The Burrell Collection is an art collection located on the south side of the city of Glasgow.
It boasts and array of over 8,000 objects such as - medieval art (including stained glass and tapestries), wooden furniture, medieval weapons and armour, Islamic art, ancient Egyptian and chinese artefacts, modern sculpture and many, many other creations from the four corners of the globe - all of which were collected by one, single man.

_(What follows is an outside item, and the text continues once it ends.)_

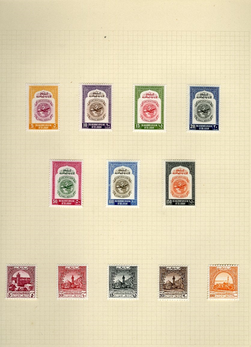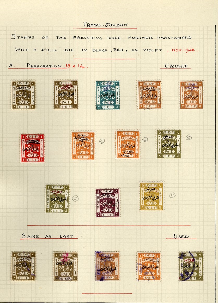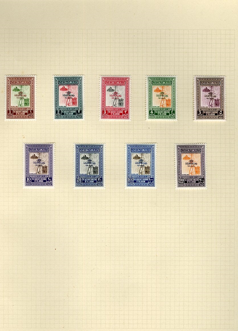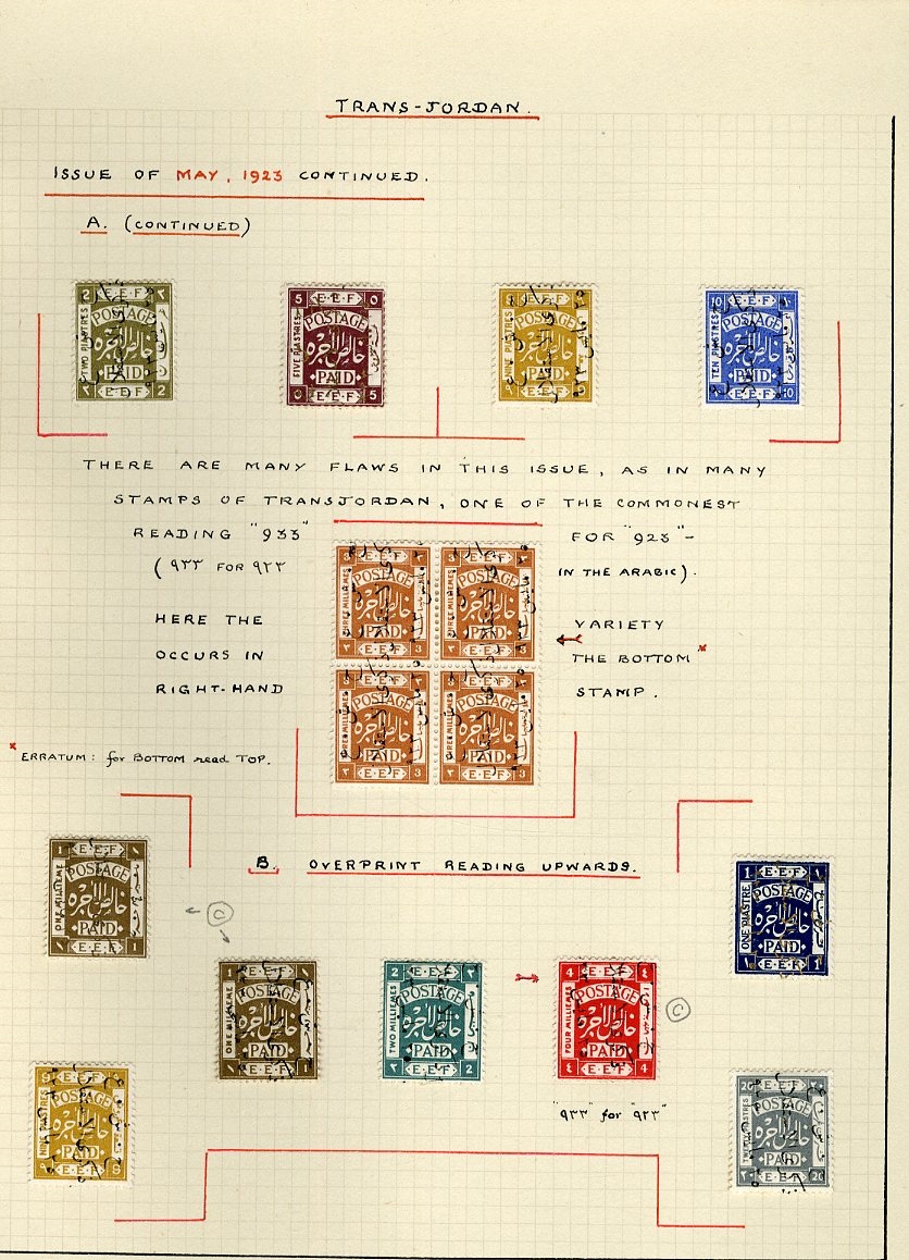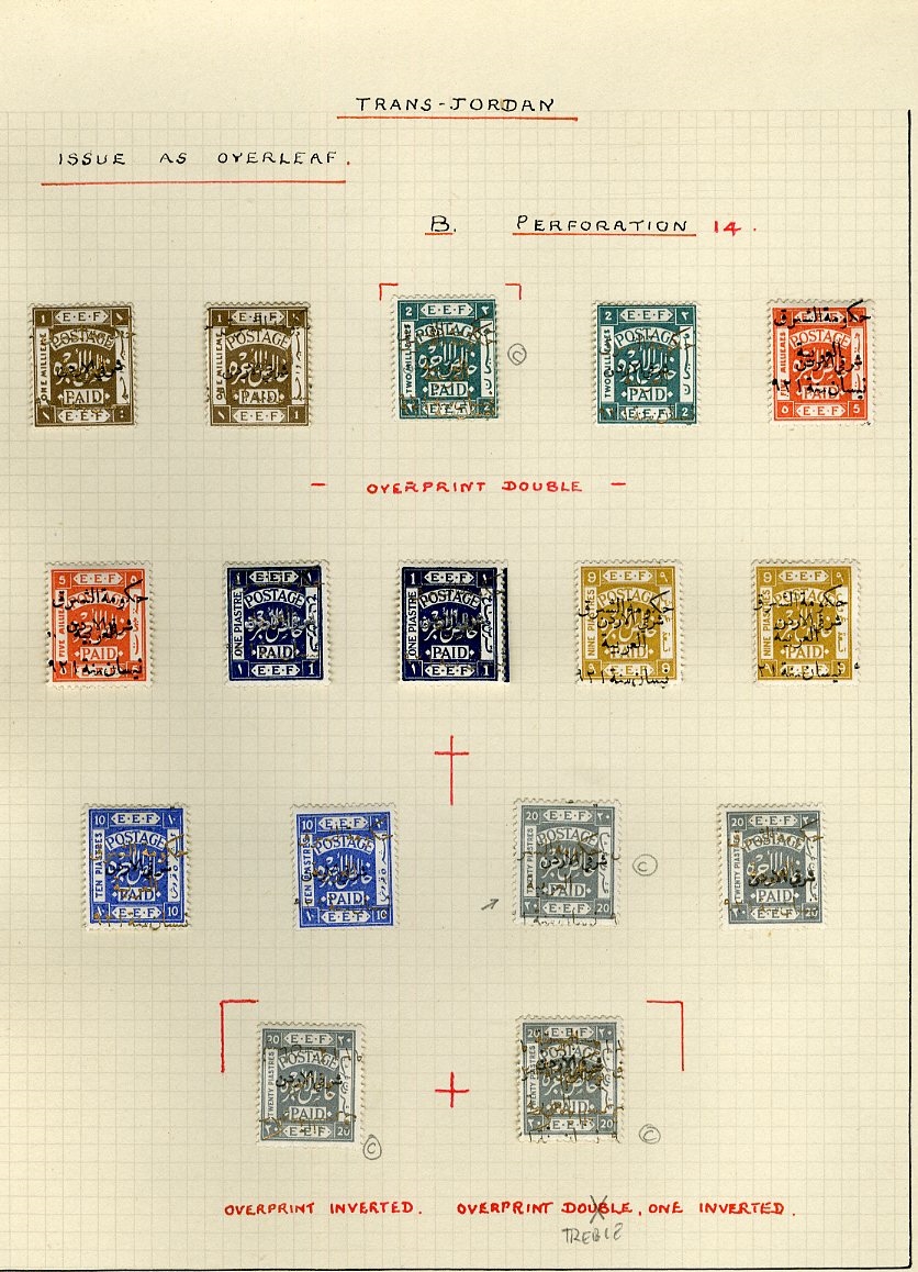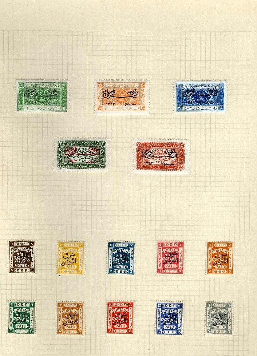 1402 og   imageJORDAN 1920-1950 predominantly unused old-time collection written up on album leaves, wealth of better items commencing with 1920 (Nov.) issue perf. 15x14 to 5p and perf. 14 to 20p (2) including 1m inverted overprint, both perfs, 1922 (Nov) surcharges perf. 15 x14 to 9p, with the scarce 5/10p on 5m (2), 2p on 2p red and black and 9p on 9p "intense black" surcharges, perf. 14 1p surcharge in red (2), 5/10p on 5m and the rare 20p on 20p, 1922 (Dec) "Govt. of Eastern Arabia" perf. 15 x14 to 9p (2) and perf. 14 to 5p, 1923 (Mar) overprints perf. 15 x14 to 5p (incl. the rare 1m with "short "k" variety (of which only one example can exist), the 5p value with inverted overprint, perf. 14 to 20p (2 one with variety), 2m with double surcharge, 20p (2) one with inverted and the other with the triple, one inverted overprint (one of only six probably known to exist), 1923 (Apr-Oct) a good range of surcharges with values to 2p on 20p, Hejaz overprints with varieties including 10p on 5p with top line of overprint omitted, 1923 (May) Independence on Palestine to 20p including two "933" for "923" date errors, 1924 (Sep-Nov) issues with blocks of four with date errors, 1925 to 20p, 1927 New Constitution, 1930 Locust set incl. 15m with inverted overprint, 1930 to £1, 1933 Tourism set to £1, thereafter complete to 1950 with imperfs, Officials and Dues. A fine and seldom offered lot in this degree of completion and a good base for expansion with a substantial catalogue value, accompanied by 20 brand new Abed Najjar certificates (Image) (Image 2) (Image 3) (Image 4) (Image 5) (Image 6) (Image 7) (Image 8) (Image 9) (Image 10) (Image 11) (Image 12) (Image 13) (Image 14) (Image 15) (Image 16) (Image 17) (Image 18) (Image 19) (Image 20) (Image 21) (Image 22) (Image 23) (Image 24) (Image 25) (Image 26) (Image 27) (Image 28) (Image 29) (Image 30) (Image 31) (Image 32) (Image 33) (Image 34) (Image 35) (Image 36) (Image 37) (Image 38) (Image 39) (Image 40) (Image 41) (Image 42) (Image 43) (Image 44) (All Images)

Sir William Burrell, a wealthy Glaswegian shipping magnate and art collector, acquired these many items over many years, before kindly gifting them to the city of Glasgow Corporation in 1944. However, there was one condition - the collection had to be stored in a building exactly 16 miles from Glasgow town centre, so that they would not suffer any pollution damage, and could be enjoyed at their very best. The trustees then spent 20 years trying to find a suitable location, to no avail. Until 1967 that is, when Mrs Anne Macdonald gave the Pollock Estate (360 acres plus a house) to the city Corporation. The trustees were then able to alter the terms of the deed slightly, allowing the Pollok Estate to be chosen to house Sir Burrell's collection - all they needed was a suitable building.
Barry Gasson and Brit Andresen came up with the winning design for the Burrell Collection building in 1971. Their L-shaped building was specifically designed and tailored to house the wide and magnificent collection, complementing the artwork with archway-framed views over the lawns and woodlands beyond.
In 2005, a poll of architects voted the Burrell Collection as Scotlands 2nd greatest post-war building.